In medical risk assessment broadly — the domain closest to life settlement underwriting — the literature is more cautious. Multivariable mortality models published in peer-reviewed venues (including work documented in Communications Medicine and Scientific Reports) show that machine learning can improve on regression-based baselines in certain settings, particularly short-horizon mortality prediction in hospitalized populations. But the improvements are typically modest, the validation is condition-specific, and the deployment in production underwriting workflows requires extensive clinical oversight.

The pattern is consistent: AI adds the most value where data is plentiful, outcomes are well-defined, and the population is similar to the training population. It adds the least value, and creates the most risk, where any of those conditions fail. Life settlement underwriting falls in between. The data is reasonably plentiful for some conditions and sparse for others; the outcomes are well-defined (death is unambiguous) but the timing distribution is the actual quantity of interest, which is harder; and the population is reasonably stable but evolving.

The role of human judgment

Our posture on this question is that AI works best in this market as an augmentation of human judgment rather than as a replacement for it.
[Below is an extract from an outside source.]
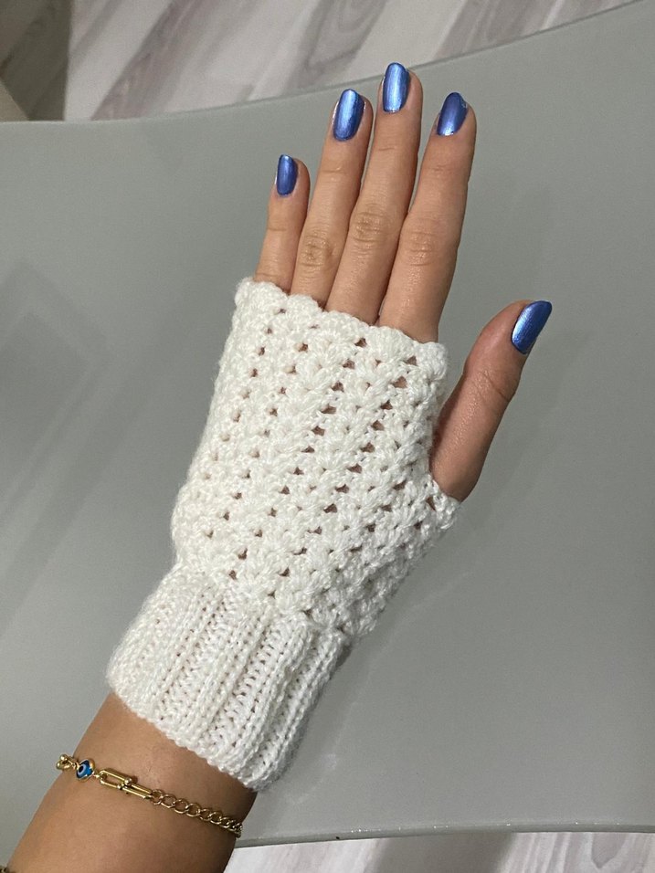 Beyaz Örgü Kadın Eldiven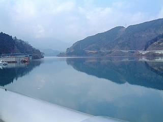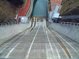 宮ヶ瀬ダムの上より下を見下ろす。

The reasons follow from the limits described above.

Specialist clinicians and medical underwriters bring two things that current machine learning systems do not. The first is genuine reasoning under uncertainty: the ability to look at an unusual case and think through what the relevant base rates and analogies are, rather than relying on whatever the training distribution happened to contain. The second is judgment about when to be skeptical: the ability to notice that something about a particular case does not fit the usual pattern and to flag it for additional investigation.

Machine learning systems contribute scale, consistency, structured extraction of information from messy records, and the second-opinion function described earlier. The combination of human clinical reasoning and machine consistency is, in our experience, more powerful than either approach alone.

This posture has consequences for how an underwriting system is built. It means model output is one input among several, not the final answer. It means policies where the model and the LE report agree get a different workflow from policies where they disagree. It means clinicians and underwriters have explicit authority to override model output when their judgment warrants. And it means continuous monitoring of how the system is performing — comparing realized outcomes against the modeled distributions the bid decisions were based on, and adjusting the discipline of human review and override accordingly.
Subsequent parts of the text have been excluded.